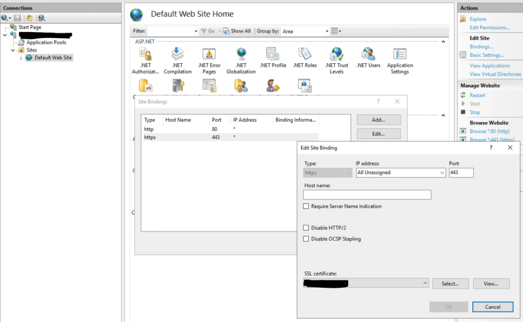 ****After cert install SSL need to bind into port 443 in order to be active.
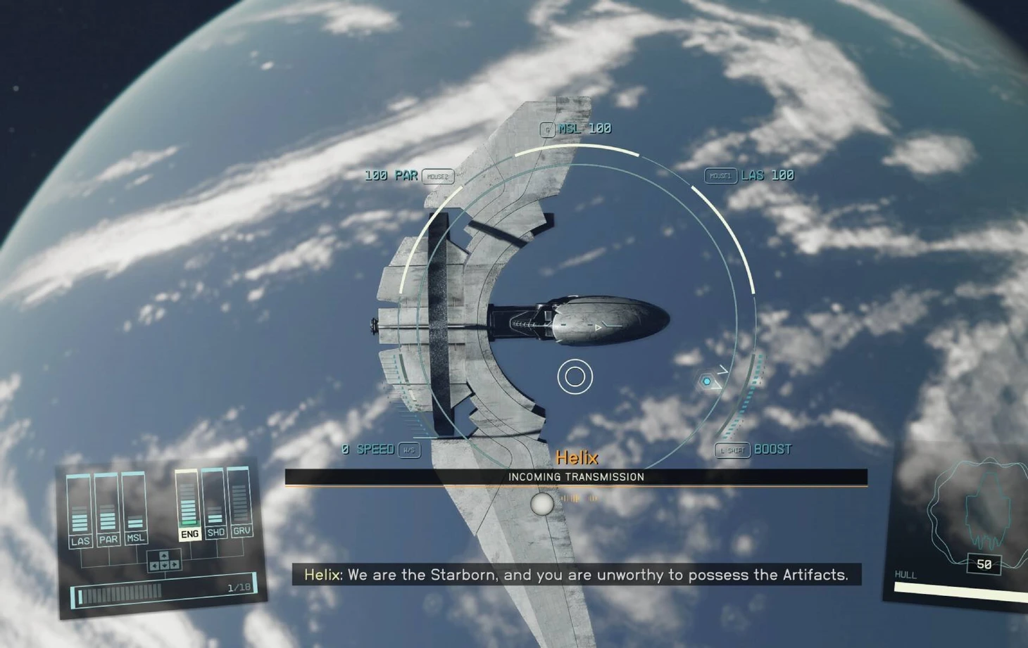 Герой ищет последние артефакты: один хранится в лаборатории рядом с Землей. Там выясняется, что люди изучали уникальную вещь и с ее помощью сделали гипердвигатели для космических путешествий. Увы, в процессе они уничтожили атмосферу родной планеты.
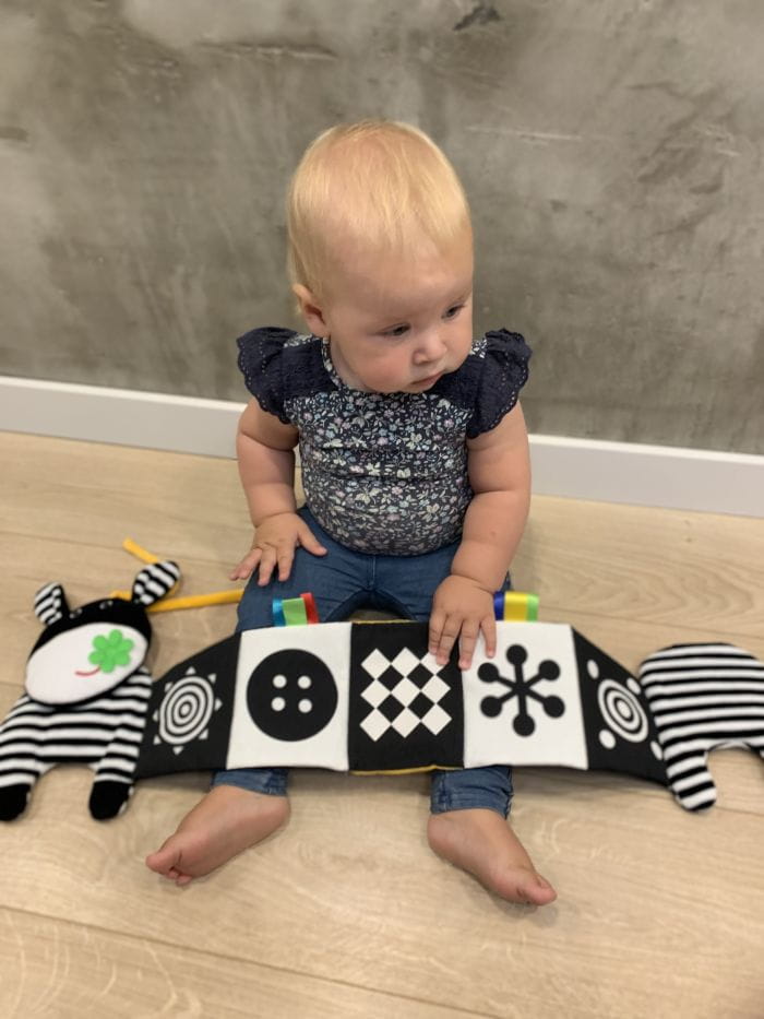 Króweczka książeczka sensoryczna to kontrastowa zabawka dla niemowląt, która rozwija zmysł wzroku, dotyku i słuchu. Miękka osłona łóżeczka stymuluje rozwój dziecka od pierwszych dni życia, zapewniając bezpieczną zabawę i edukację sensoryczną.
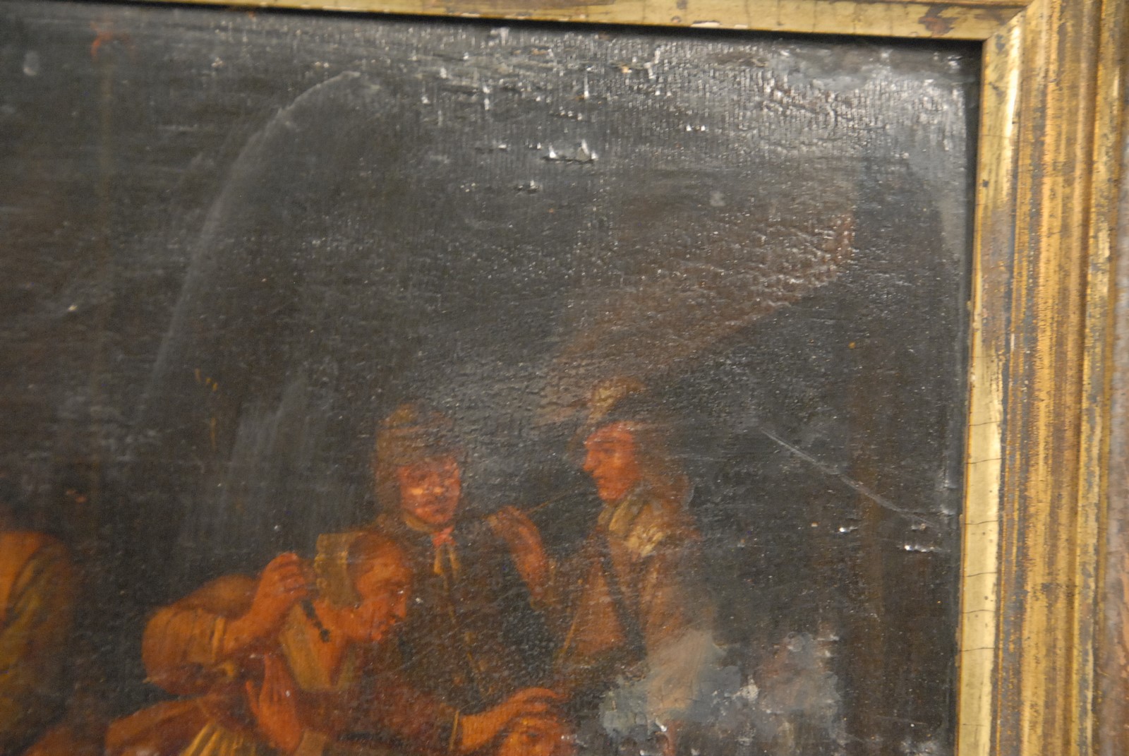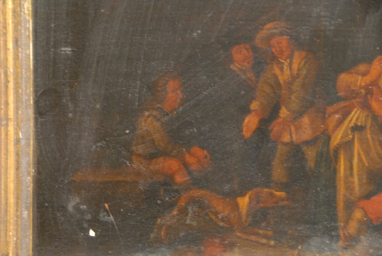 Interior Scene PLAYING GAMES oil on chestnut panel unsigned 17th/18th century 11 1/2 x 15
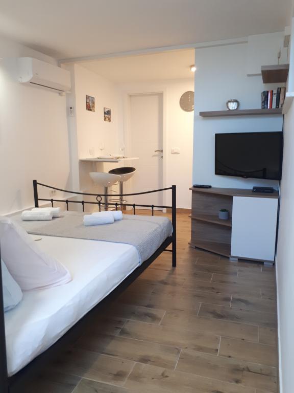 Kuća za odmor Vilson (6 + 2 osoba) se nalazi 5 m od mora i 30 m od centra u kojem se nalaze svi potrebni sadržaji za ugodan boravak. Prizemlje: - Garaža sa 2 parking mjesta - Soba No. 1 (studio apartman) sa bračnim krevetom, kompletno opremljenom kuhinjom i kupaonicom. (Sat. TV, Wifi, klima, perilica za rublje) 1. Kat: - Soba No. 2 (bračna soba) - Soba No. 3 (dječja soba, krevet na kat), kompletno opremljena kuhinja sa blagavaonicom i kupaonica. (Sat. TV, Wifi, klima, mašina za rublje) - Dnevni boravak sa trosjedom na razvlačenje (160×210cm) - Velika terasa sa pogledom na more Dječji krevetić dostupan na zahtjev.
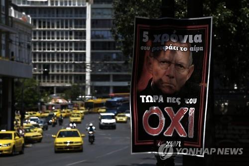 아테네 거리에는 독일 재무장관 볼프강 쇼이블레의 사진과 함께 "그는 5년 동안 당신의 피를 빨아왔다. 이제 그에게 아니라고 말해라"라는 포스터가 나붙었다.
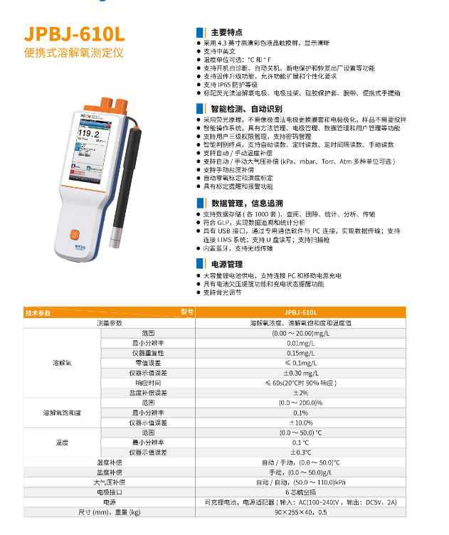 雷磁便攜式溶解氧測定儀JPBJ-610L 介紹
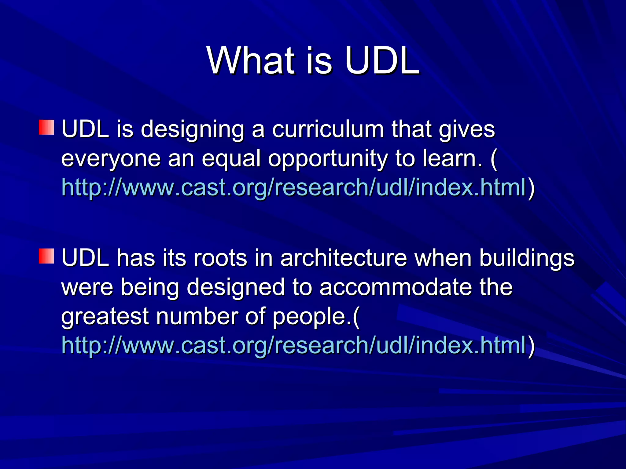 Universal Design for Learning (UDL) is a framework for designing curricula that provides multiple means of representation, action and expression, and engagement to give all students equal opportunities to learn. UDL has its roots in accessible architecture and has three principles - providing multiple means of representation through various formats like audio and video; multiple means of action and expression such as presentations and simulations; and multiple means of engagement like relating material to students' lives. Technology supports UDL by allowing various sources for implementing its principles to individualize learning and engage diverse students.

▸ WHAT IS EXPECTED
Please write out the lines above exactly, from the one that contains "Interior Scene PLAYING" through the final line, and include none of the pictures.

▸ ANSWER TO THE EXERCISE
 Interior Scene PLAYING GAMES oil on chestnut panel unsigned 17th/18th century 11 1/2 x 15
 Kuća za odmor Vilson (6 + 2 osoba) se nalazi 5 m od mora i 30 m od centra u kojem se nalaze svi potrebni sadržaji za ugodan boravak. Prizemlje: - Garaža sa 2 parking mjesta - Soba No. 1 (studio apartman) sa bračnim krevetom, kompletno opremljenom kuhinjom i kupaonicom. (Sat. TV, Wifi, klima, perilica za rublje) 1. Kat: - Soba No. 2 (bračna soba) - Soba No. 3 (dječja soba, krevet na kat), kompletno opremljena kuhinja sa blagavaonicom i kupaonica. (Sat. TV, Wifi, klima, mašina za rublje) - Dnevni boravak sa trosjedom na razvlačenje (160×210cm) - Velika terasa sa pogledom na more Dječji krevetić dostupan na zahtjev.
 아테네 거리에는 독일 재무장관 볼프강 쇼이블레의 사진과 함께 "그는 5년 동안 당신의 피를 빨아왔다. 이제 그에게 아니라고 말해라"라는 포스터가 나붙었다.
 雷磁便攜式溶解氧測定儀JPBJ-610L 介紹
 Universal Design for Learning (UDL) is a framework for designing curricula that provides multiple means of representation, action and expression, and engagement to give all students equal opportunities to learn. UDL has its roots in accessible architecture and has three principles - providing multiple means of representation through various formats like audio and video; multiple means of action and expression such as presentations and simulations; and multiple means of engagement like relating material to students' lives. Technology supports UDL by allowing various sources for implementing its principles to individualize learning and engage diverse students.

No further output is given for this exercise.